A number of temperaments of the octave are already known to provide good coincidences with the first few harmonics. The most widespread is the equal temperament of the octave into twelve semitones, which corresponds well with the harmonics that are powers of the prime numbers two or three, and to lesser accuracy the prime number five. Other temperaments can approximate more of the small prime numbers. For example, temperament of the octave into six dozen equal step notes can provide good enough approximation to the first few smallest prime numbers two, three, five, seven, and eleven. Since the twelve semitones are a subset of these six dozen steps and six dozen is half the second power of twelve, temperament of the octave by a power of base twelve is particularly useful for music and would be good as a base of logarithms for mathematical calculations. While there is little wrong with temperament of the octave into six dozen steps in music, a slight annoyance could arise with this formulation of the base of logarithms mathematically because there are two bases involved: binary, the logarithm to the base of which gives the number of octaves, and dozenal for writing the logarithms in numerals and expressing the number of steps within the octaves, but just one base for the number of different numerals and for the base of the logarithms and all computation would rather be desired. Is there a way to have the same base for the base of the logarithms and for the number of different digits by which the logarithms are notated? The answer is almost.

If the problem is approached initially by finding base B such that B^(1/B) is nearly the frequency ratio of the step in the octave desired, then the same base can be used as the base of the logarithms and as the number of different numerals for notating numbers such that the logarithms will tell the number of those steps, but the logarithms will not necessarily round well at the octaves to powers or whole number multiples of that base B. It so happens that the temperament to six dozens steps per octave is approximated when the base B is the square or second power of twenty-six. A base for the logarithms can be constructed by sectioning the square of twenty-six into twenty-six steps geometrically. The logarithms of the smallest prime numbers two, three, and five to that step as base, which is equivalent to half the logarithms to the base twenty-six, will be particularly accurate to two significant figures when written in base twenty-six. The logarithm of the prime number seven to this base is not as accurate at just two significant figures. Thus, computations using logarithms of numbers containing the first three prime numbers would be unusually convenient in base twenty-six, which could be called base two dozen plus two or twenzy-two in another form of dozenal parlance. There are as many upper case letters in the modern English variety of the Roman alphabet to use as symbols for the numerals for this base.

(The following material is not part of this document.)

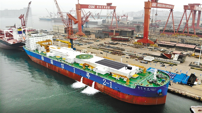 4月17日,全球首艘15万吨级智慧渔业大型养殖工船“国信1号2-1”在位于山东青岛的中国船舶集团北海造船厂交付。据了解,“国信1号2-1”将以“船载舱养”模式开展大黄鱼、鲑鳟鱼等名优鱼种养殖,设计年产高品质鱼类约3600吨。
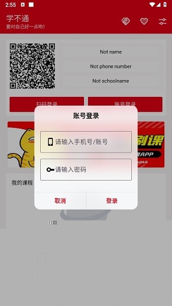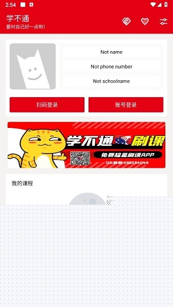 打开软件后,通过QQ一键登录或游客模式进入,再使用扫码或账号密码绑定学习平台账号即可。

More accurate results for the logarithms of also the next prime numbers seven and eleven can be had to two significant figures by base thrice eleven, using a third of the logarithm to that base. There are said to be as many runes in the English futhorc as the number of different numerals required for this base thrice eleven. However, apart from such a base being an odd one to use for general purposes in society, like base twenty-six it would not round to whole multiples for the number of steps at the octaves.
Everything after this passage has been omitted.